On my desk, propped between two Buddha-head bookends, are my most essential books. Virginia Woolf's A Writer's Diary, and Thomas Merton's Thoughts In Solitude are always in this small grouping. For several years, I kept Ian McEwan's Saturday and Alice Munro's Runaway close by as well, because they were two contemporary works that, when I read them back-to-back, unlocked the mystery of close third person narration. Right now, in a pile next to my chaise longue, are this year's editions of The Best American Short Stories and The Best American Essays, just so I always have something to dip into.
When I meet someone who wants to be a writer, and yet doesn't read much, I wonder how that works. What would provide you with nourishment, with inspiration? I'm focused on my own writing, students sometimes say. I don't have time to read. Or they tell me they're afraid of being influenced, as if they might catch the voice of another writer like a virulent strain of flu. But reading good prose is influence. When my son was little, he used to imitate Johnny Damon's batting stance, or Roger Federer's topspin forehand. In this way, he began to learn how to play. When we follow the intricate loops of a Pynchon sentence, or pause in the white-space minimalism of Carver, we are seeing what is possible, and we bring that sense of possibility to the page.
Reading is also camaraderie.
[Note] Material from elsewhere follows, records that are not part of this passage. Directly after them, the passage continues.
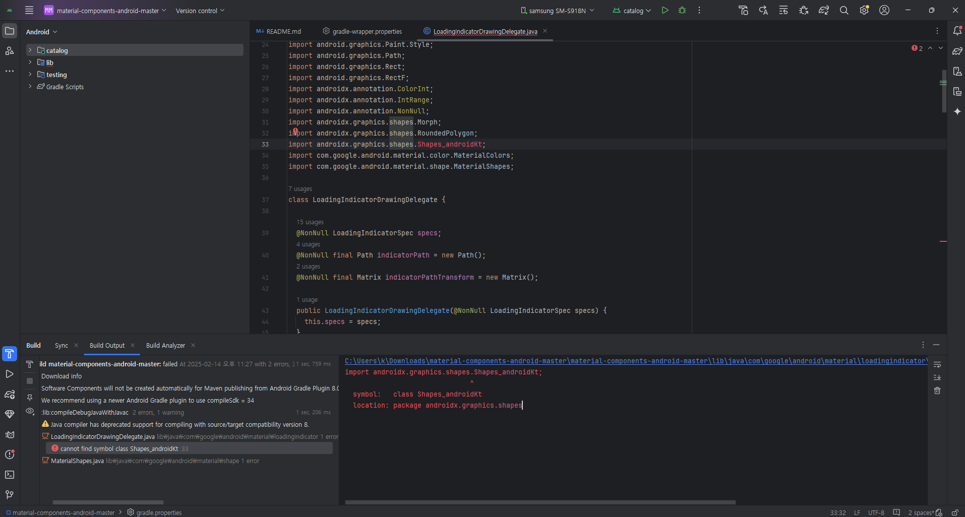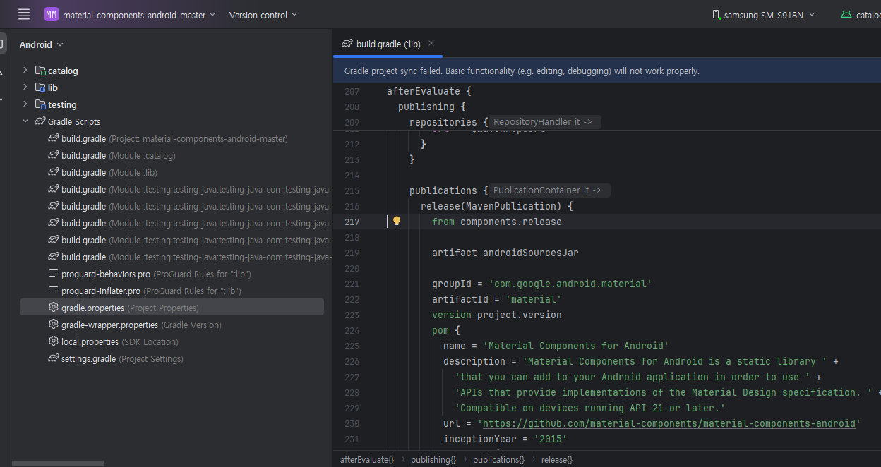 material-components-android 프로젝트를 실행하면 위와 같은 에러가 나타납니다.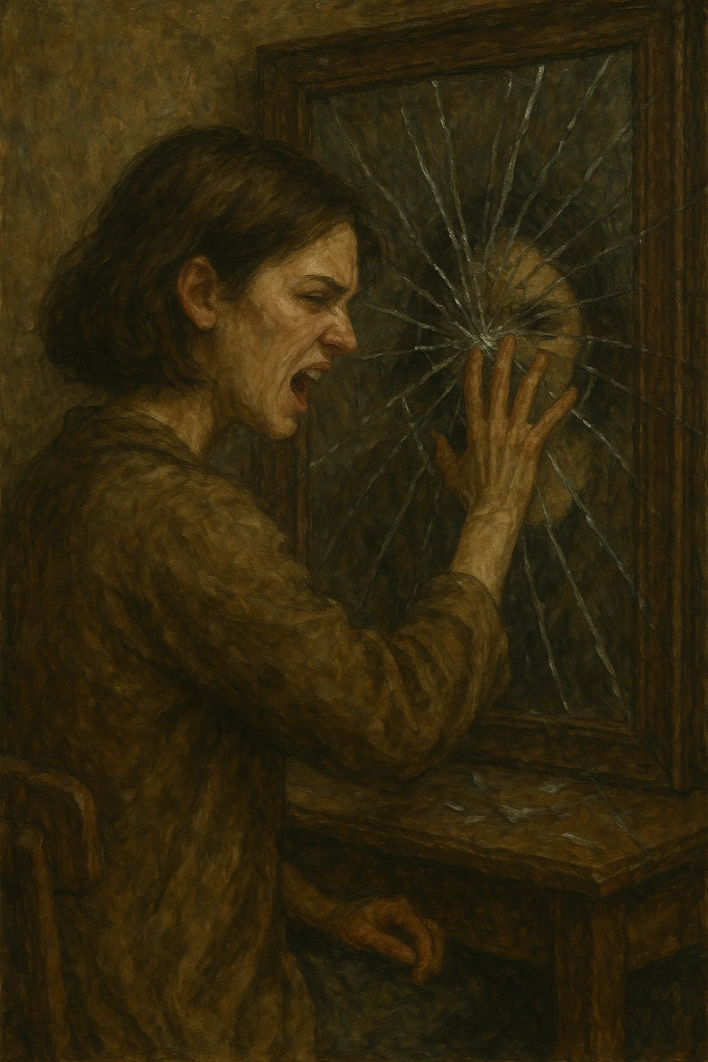 유리에 비친 자신의 모습이 아주 희미하게 드러났다.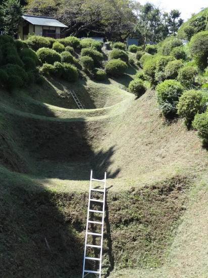 | 障子掘り…被覆して芝生を張り保存されている。従い、浅いし上部の幅も狭いようだ… | ||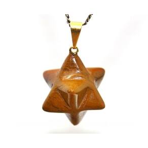 Pingente Merkabah pedra Jaspe Amarelo natural de garimpo, pedra com exelente lapidação em formato estrela merkabah. Montagem no prateado.

It is a challenge, a balm, a beacon. "Who would call a day spent reading a good day?" asks Annie Dillard. "But a life spent reading-that is a good life." I try (most of the time I fail, but still, I try) to begin my day reading. And by this I do not mean The New York Times online, or the Vanity Fair lying on the kitchen table, or the e-mails that have accumulated overnight, and which I open at my own risk. The roulette of the in-box! An enticing invitation to a private online sale of gourmet Himalayan sea salt, a high school nemesis emerging from the ether-whatever it is, it's the opposite of reading. It pulls you away, instead of directing you inward.
Fill your ears with the music of good sentences, and when you finally approach the page yourself, that music will carry you. It will remind you that you are a part of a vast symphony of writers, that you are not alone in your quest to lay down words, each one bumping against the next until something new is revealed. It will exhort you to do better. To not settle for just good enough. Reading great work is exhilarating. It shows us what's possible. When I start the morning with any one of the dozens of books in rotation on my office floor, my day is made instantly better, brighter. I never regret having done it. Think about it: have you ever spent an hour reading a good book, and then had that sinking, queasy feeling of having wasted time?